BEGIN Source data

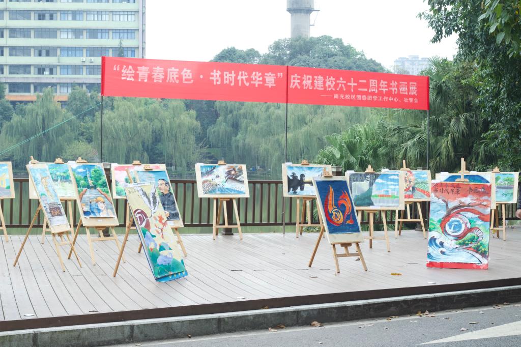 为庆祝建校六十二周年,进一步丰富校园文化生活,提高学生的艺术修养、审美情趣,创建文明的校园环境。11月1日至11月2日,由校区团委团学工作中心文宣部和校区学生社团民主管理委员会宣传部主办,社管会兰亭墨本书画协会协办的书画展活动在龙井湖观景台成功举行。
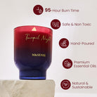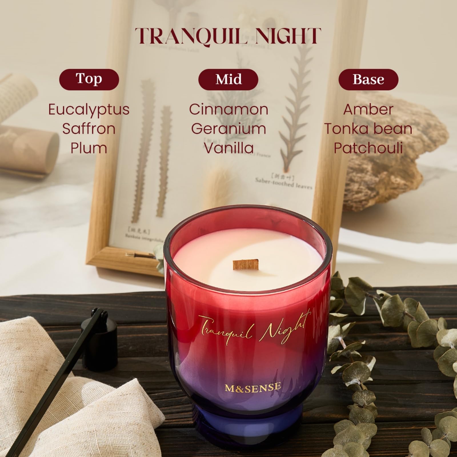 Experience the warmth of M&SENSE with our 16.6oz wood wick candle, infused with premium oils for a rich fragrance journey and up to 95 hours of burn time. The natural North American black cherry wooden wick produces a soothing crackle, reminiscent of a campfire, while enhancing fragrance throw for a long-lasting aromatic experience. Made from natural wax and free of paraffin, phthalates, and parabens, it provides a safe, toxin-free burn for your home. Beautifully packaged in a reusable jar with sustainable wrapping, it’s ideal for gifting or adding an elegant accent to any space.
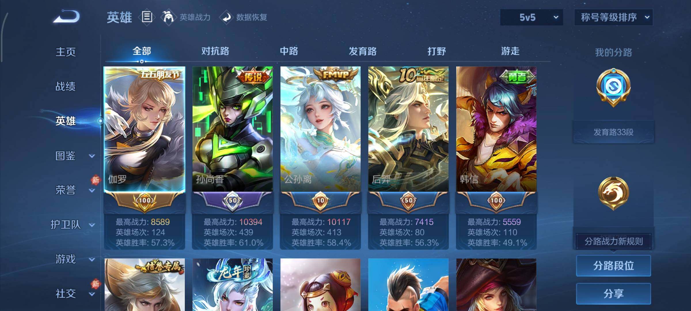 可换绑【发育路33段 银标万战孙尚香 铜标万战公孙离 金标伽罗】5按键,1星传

END Source data
BEGIN Source data

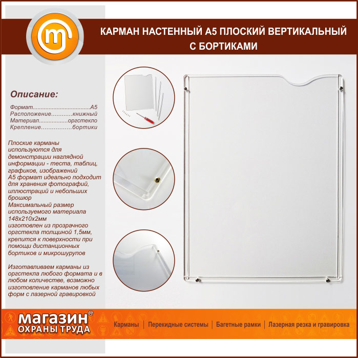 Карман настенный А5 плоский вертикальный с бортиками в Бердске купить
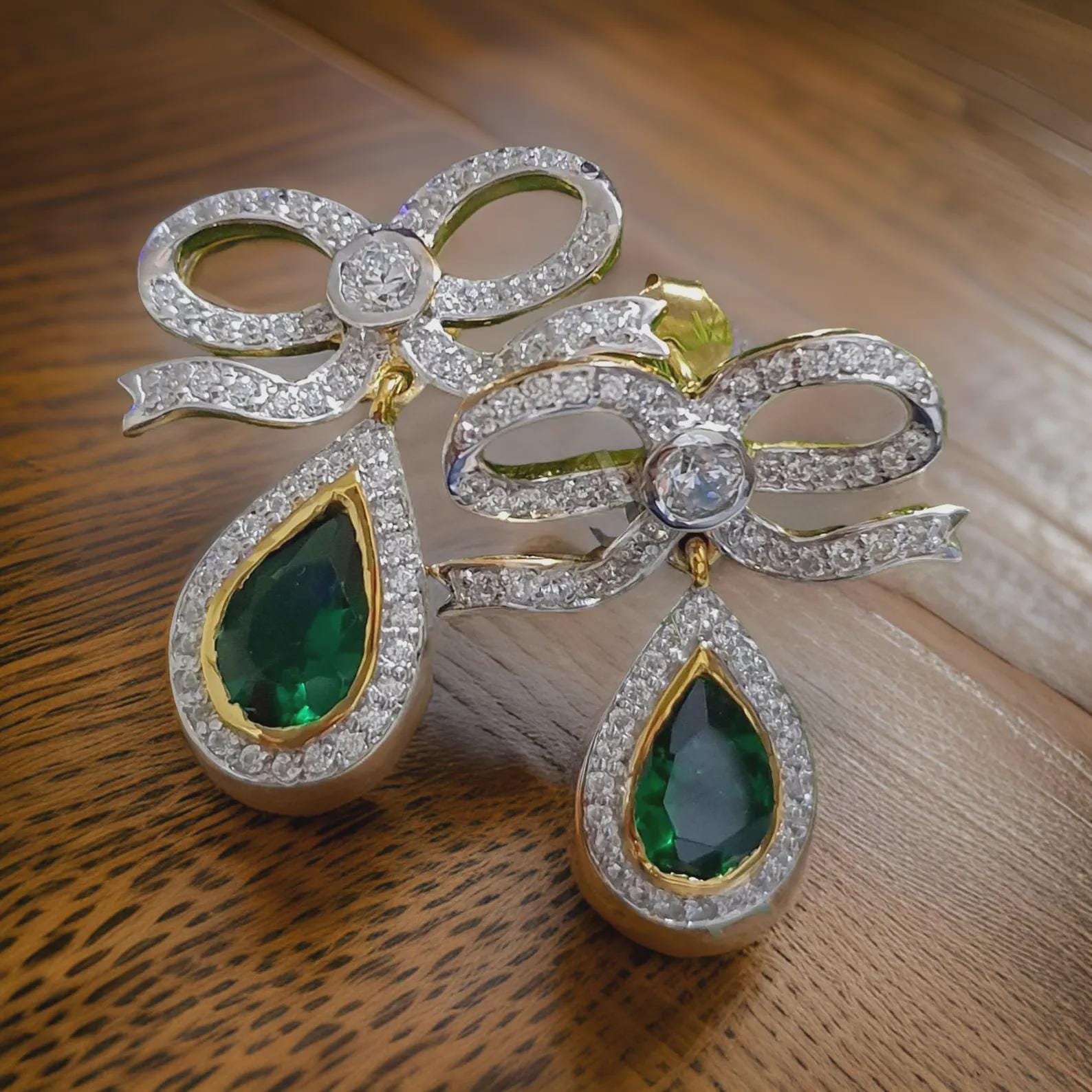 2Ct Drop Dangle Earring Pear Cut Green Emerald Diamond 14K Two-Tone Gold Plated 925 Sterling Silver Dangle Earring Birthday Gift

END Source data
BEGIN Source data

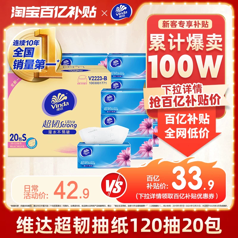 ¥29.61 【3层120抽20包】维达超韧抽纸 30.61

END Source data

Repeat only the stretch of data above that runs from the line with "Карман настенный А5" to the line with "2Ct Drop Dangle". Keep both end lines; exclude pictures.

 Карман настенный А5 плоский вертикальный с бортиками в Бердске купить
 2Ct Drop Dangle Earring Pear Cut Green Emerald Diamond 14K Two-Tone Gold Plated 925 Sterling Silver Dangle Earring Birthday Gift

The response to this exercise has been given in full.